Secondly, the MS-NET product (and the DOS Lan Manager product after it) used the NetBIOS API layer to talk to the network adapter.  But in reality, it didn't.  The MS-NET product instead talked to an abstract networking API layer called the "session" layer, which was a part of the MS-NET product.  From an API standpoint, it was extremely similar to the NetBIOS API layer, but it wasn't quite the same.

Third, there were two different implementations of the session layer.  One (session.exe) was a sample version that was shipped with the OEM kit for MS-NET.  The other was called minses.exe.  Minses.exe provided a minimal session layer that was intended to interface with NetBIOS.  So it functioned as a mapping layer between the MS-NET components and the actual networking stack.

Now one of the cool features of minses was that on synchronous networking calls, the minses would beep the PC speaker while the call was outstanding.  That would let the user know that the system was still thinking about their request, and it hadn't forgotten them.

Fourth, the Microsoft corporate network at the time was (and still is, to my knowledge) the largest, most complicated corporate network on the planet.  We have branch offices in hundreds of countries, there are hundreds of thousands of computers on the network, it's REALLY big network (Raymond tells this story about the network back in the 1990s).  It's a REALLY big, really complicated network.  That means that there are a bazillion failure points on the network, which means that connectivity often went down.

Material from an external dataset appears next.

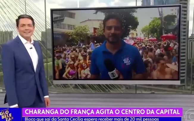Sem perder a compostura, o jornalista seguiu com a transmissão e tentou ignorar os gritos. “Alan, parece que está todo mundo aqui, parece que São Paulo inteira está aqui. Estamos no final da Alameda Martim Francisco, teve muito sol, e é aquele negócio: qualquer um se destaca, bota uma fantasia diferente, chama a atenção por aqui”, disse ele, visivelmente sem graça.
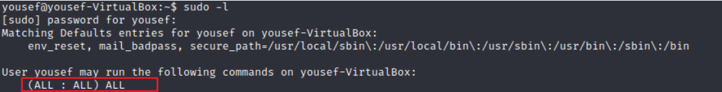 查看其用户的sudo权限,结果显示拥有全部的sudo权限

And finally, the networking solution we used back then was based on Ungermann-Bass smart network cards.  These cards were pretty cool actually - when you started the system, the OS downloaded the entire network stack onto the card, which mean that system memory didn't get consumed by the networking stack.  With this fifth piece, the networking guys reading this should start saying "Uh oh"...

 

Now that I've set the stage for the confluence of features, lets see what happens when this system gets deployed in real life..

In the normal case, everything works fine - you never ever hear the beep, because responses come back before the beep comes out.   But that's the most uninteresting problem (for networking environments, the normal case is usually profoundly uninteresting - it's when things start failing that things get exciting)...

And the "beeping death" scenario was no different - it gets interesting when you start looking at the ways that things can fail.

Lets consider some of the failure modes:

    1) Connectivity fails on an intervening network node between the client and the server.

In that case, the client hangs waiting on the network to time out.  This could take several seconds, sometimes even as much as a minute.  Bad, but not the end of the world, because the timeouts within the transport detect the connectivity problem and fail the request.

    2) The client crashes (this IS MS-DOS, we're talking about). 

In this case, the connection is held alive (remember - the actual network transport is running on the UB card, not taking up system memory), and that ties up some resources on the server but it's still not the end of the world (from a clients perspective)

    3) The server computer is really busy.

In this case, the client waits until the server comes back to it.  That may take time and can be really annoying.

    4) The server crashes, or otherwise freezes (breaks into the kernel debugger, etc).

In this case, the server disappears.  If the timing of the request was correct, the servers crash tears down the connections and the clients get networking failures.  If, on the other hand, you're unlucky, the network card might have received the client's request and handed it to the server, but the server hadn't responded to the client.  In that case, there were no outstanding network requests for the client.  Because the transport is sitting running entirely on the network adapter, it has no way of knowing that the host operating system is dead.  The transport just sits there, quietly acknowledging the keep-alive It sits on the network card until the operating system is rebooted.  It can get even more heinous when the server process and is restarted - in that case, the card would sometimes "forget" existing connections until the operating system was rebooted (or power was recycled on the server).

If you happened to be one of the poor clients stuck in this state, they sat there blocked on a synchronous network receive waiting for the frozen server to respond to their request.  Since the server process was gone (or the machine was in the debugger, or...), the client never had an opportunity to detect the failure.  And, since DOS was a single threaded operating system, and the networking requests were executed in the kernel, the user had no choice but to reboot their client.

 

I got indescribable amounts of flack for the beeping death, because it seemed that every time any server crashed anywhere at Microsoft, some set of clients would start beeping forever...  Fortunately, many of the changes I made for DOS Lan Manager 2.0 removed the beeping death (it allowed the client to detect a hung server and tear down the connection to the server even if the underlying network claimed that things were just fine).

 

Networking can be fun :)